But it was also hard to be nothing and no one, to be faceless in ranks and unpraised. In still another line, this one in the Cadet Store, where we were being measured for winter uniforms, one of the tailors, a Mr. Walsh, frail and yellowish-haired, noticed my name and asked if I was the son of the honor man in the class of 1919. It was the first feeling I had of belonging, of having a creditable past.

What you had been before meant something—athletic ability mattered, of course—but it was not always enough to see you through. The most important quality was more elusive; I suppose it could be called dignity, but it was not really that. It was closer to endurance.

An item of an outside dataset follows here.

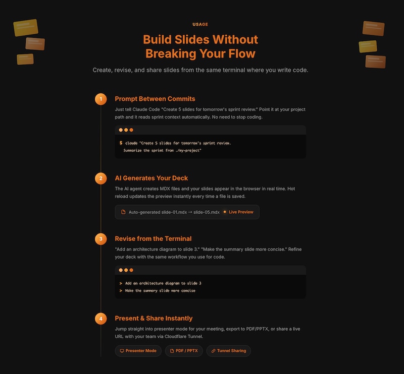 つまり、開発者は今使っているターミナルから一歩も離れることなく、開発の合間にスライドを作り、ブラウザでプレビューしそのまま会議に臨めるのだ。

Downstairs was the former second-string quarterback for Boston College who had a wristwatch he’d gotten for playing in the Sugar Bowl. It had letters instead of numerals circling the dial,
S, U, G, A, R,
etc., and there were small diamonds between the words, as I recall. Nash had come to play football. The days of players who truly came out of the Corps, mostly with unspectacular results, were ending and the war had made winning a matter of great concern. Nash had an Irish face and an unspoiled nature. He had seen something of the world and his enthusiasm for cadet life was limited. He braced with his neck pulled in reluctantly, like a tortoise. More and more he was above such childishness, and annoyance showed in his face. “Stand up straight, Mr. Nash, pull your shoulders back!”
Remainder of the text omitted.